Today, I'm gonna give you the tools to understand what the DB engine is doing when you run a query and hopefully how to fix the slow ones.

The Setup

Due to its popularity, I'll be using Postgres 16 for all the examples below.

Sql
-- Let's create two tables: users and orders
CREATE TABLE users (
    id SERIAL PRIMARY KEY,
    username VARCHAR(100) UNIQUE NOT NULL,
    email VARCHAR(100) NOT NULL,
    country VARCHAR(50),
    created_at TIMESTAMP DEFAULT CURRENT_TIMESTAMP,
    status VARCHAR(20) DEFAULT 'active'
);

CREATE TABLE orders (
    id SERIAL PRIMARY KEY,
    user_id INTEGER REFERENCES users(id),
    amount DECIMAL(10, 2) NOT NULL,
    order_date DATE NOT NULL,
    status VARCHAR(20) DEFAULT 'completed'
);

-- Generate 100,000 dummy users
INSERT INTO users (username, email, country, created_at, status)
SELECT 
    'user_' || i, 
    'user_' || i || '@example.com',
    (ARRAY['USA', 'UK', 'Canada', 'Germany', 'France', 'Japan', 'Australia'])[floor(random() * 7 + 1)],
    NOW() - (random() * interval '1000 days'),
    CASE WHEN random() > 0.9 THEN 'inactive' ELSE 'active' END
FROM generate_series(1, 100000) as i;

-- Generate 500,000 dummy orders
INSERT INTO orders (user_id, amount, order_date, status)
SELECT 
    (random() * 99999 + 1)::INT, 
    (random() * 1000 + 10)::DECIMAL(10, 2),
    CURRENT_DATE - (random() * 1000)::INT,
    CASE 
        WHEN random() > 0.9 THEN 'pending' 
        WHEN random() > 0.8 THEN 'cancelled'
        ELSE 'completed' 
    END
FROM generate_series(1, 500000);

To make the numbers meaningful, the database is pre-populated with 100,000 users and 500,000 orders, spread across countries like USA, UK, Canada, Germany, and Japan.

Using EXPLAIN

Postgres can show you what it's doing if you just ask it.

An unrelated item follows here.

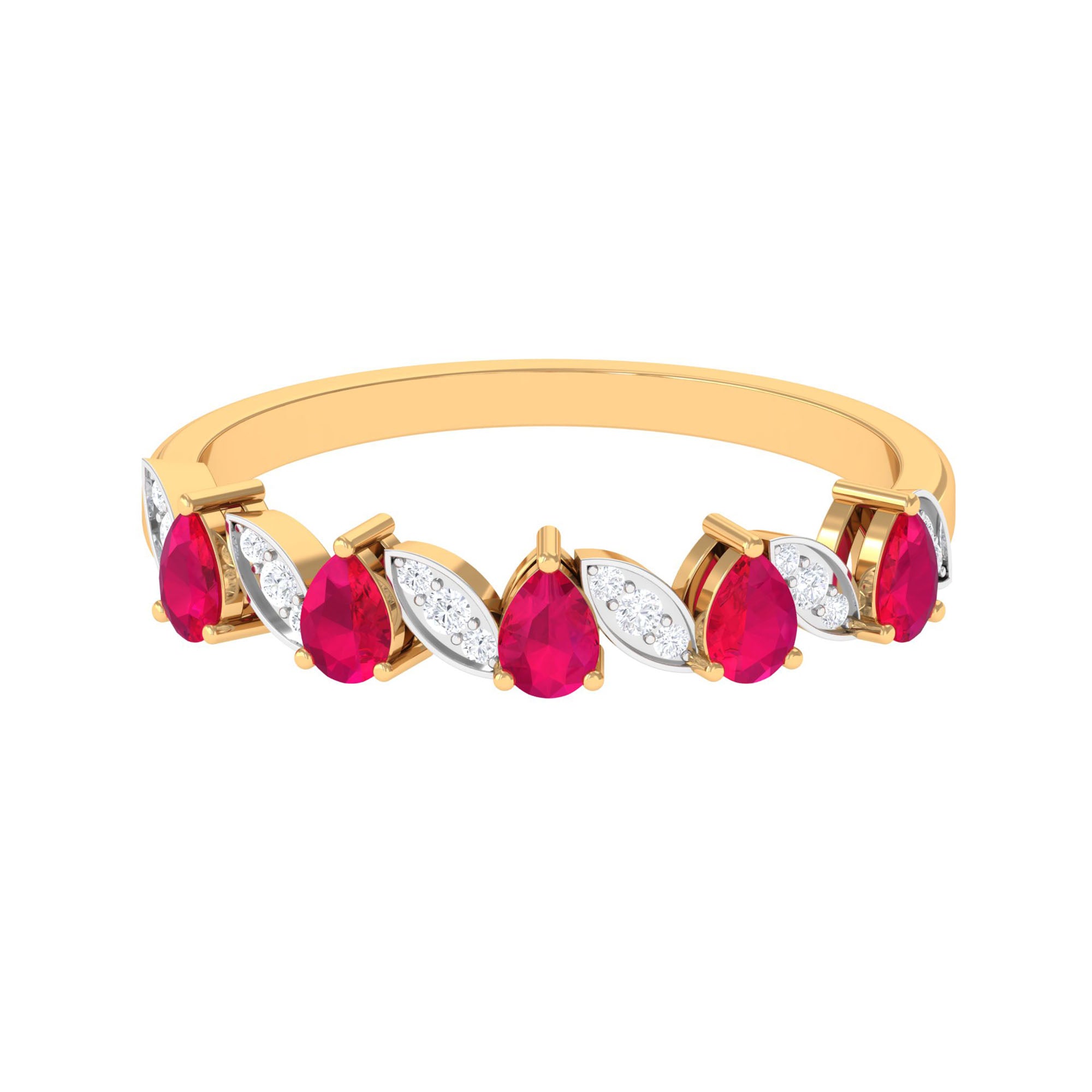 1.25 CT Pear Ruby Half Eternity Band Ring with Diamond
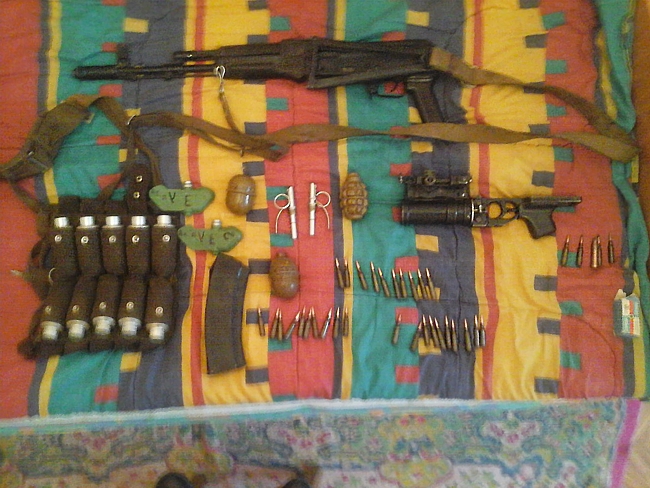 Під час обшуків співробітники СБ України вилучили у зловмисників автомат АК-74, підствольний гранатомет «ГП-25» з гранатами до нього, набої калібру 5,45 та 5,6 мм, гранати «Ф-1» та «РГД-5» із запалами та вибухівку.

What you need to do is prefix your query with EXPLAIN. Then it will output a tree showing what the query planner decided to do.

So for instance if we tried

Sql
EXPLAIN 
SELECT * FROM users WHERE country = 'Canada';

The output will look like this:

Text
                         QUERY PLAN                          
-------------------------------------------------------------
 Seq Scan on users  (cost=0.00..2389.00 rows=14607 width=57)
   Filter: ((country)::text = 'Canada'::text)
(2 rows)

"Seq Scan" means that Postgres is going to go through the entire table, checking every single row and comparing the country column to 'Canada'.

The cost numbers represent the estimated cost in arbitrary units. The first number is the estimated cost to start reading the data, and the second number is the estimated cost to read all the data. These numbers are useful for comparing different query plans, but they are not a measure of time.

We can do better, let's add an index on the country column.

Sql
CREATE INDEX idx_users_country ON users(country);

Now if we run the query again, we will get

                                      QUERY PLAN                                      
--------------------------------------------------------------------------------------
 Bitmap Heap Scan on users  (cost=165.50..1487.08 rows=14607 width=57)
   Recheck Cond: ((country)::text = 'Canada'::text)
   ->  Bitmap Index Scan on idx_users_country  (cost=0.00..161.84 rows=14607 width=0)
         Index Cond: ((country)::text = 'Canada'::text)
(4 rows)

This is what the query plan is telling us:

  1. It will use the index idx_users_country to find the rows that match the condition country = 'Canada'. A bitmap index scan is used to find all the rows that match the condition country = 'Canada'.
  2. It will then use the Bitmap Heap Scan to retrieve the actual rows from the table. "Recheck cond" means that it will recheck the condition country = 'Canada' for each row that it retrieves from the table.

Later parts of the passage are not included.